START Exercise data

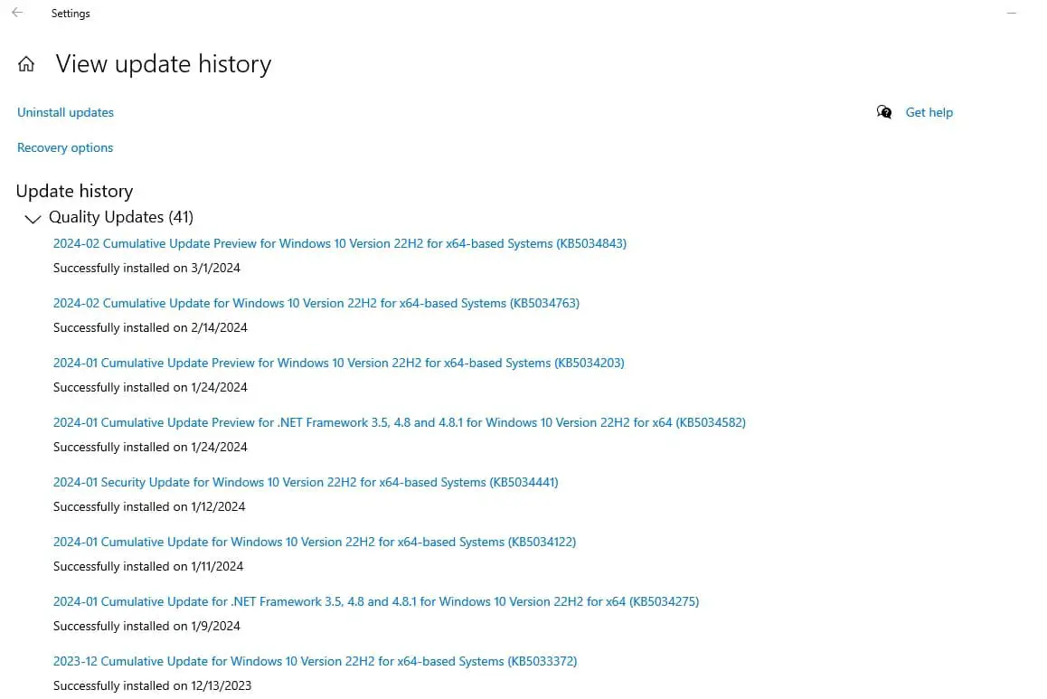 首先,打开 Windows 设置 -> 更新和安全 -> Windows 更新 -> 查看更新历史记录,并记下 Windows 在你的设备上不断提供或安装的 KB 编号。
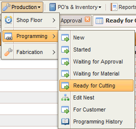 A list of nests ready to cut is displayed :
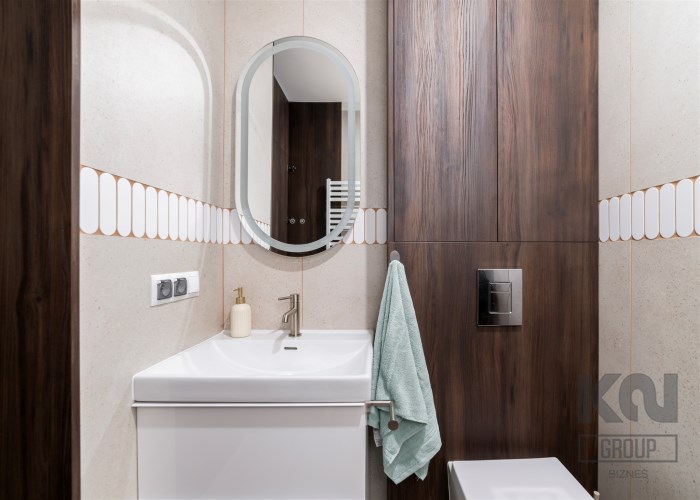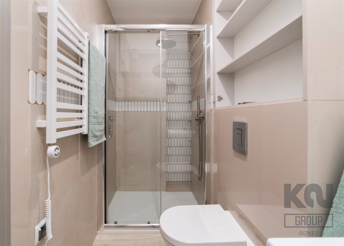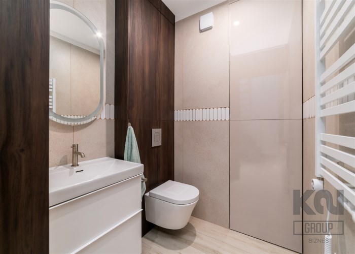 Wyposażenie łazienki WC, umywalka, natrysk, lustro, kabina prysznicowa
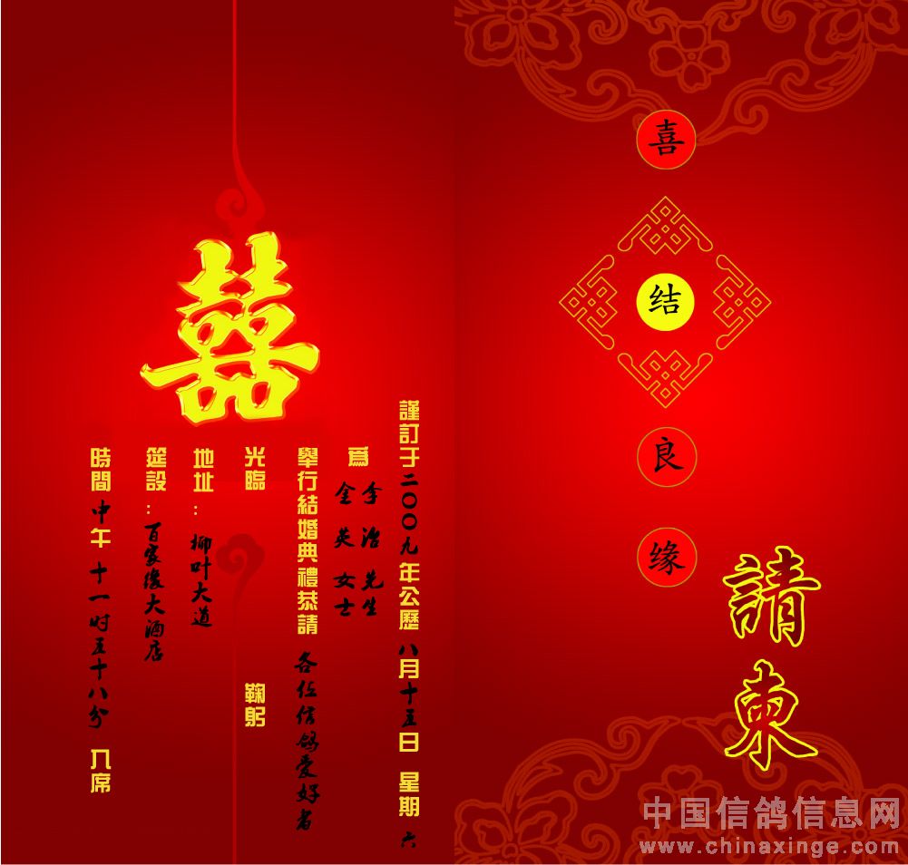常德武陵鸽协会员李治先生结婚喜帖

END Exercise data

Copy out the listing exactly as it stands, but not the pictures.

 首先,打开 Windows 设置 -> 更新和安全 -> Windows 更新 -> 查看更新历史记录,并记下 Windows 在你的设备上不断提供或安装的 KB 编号。
 A list of nests ready to cut is displayed :
 Wyposażenie łazienki WC, umywalka, natrysk, lustro, kabina prysznicowa
常德武陵鸽协会员李治先生结婚喜帖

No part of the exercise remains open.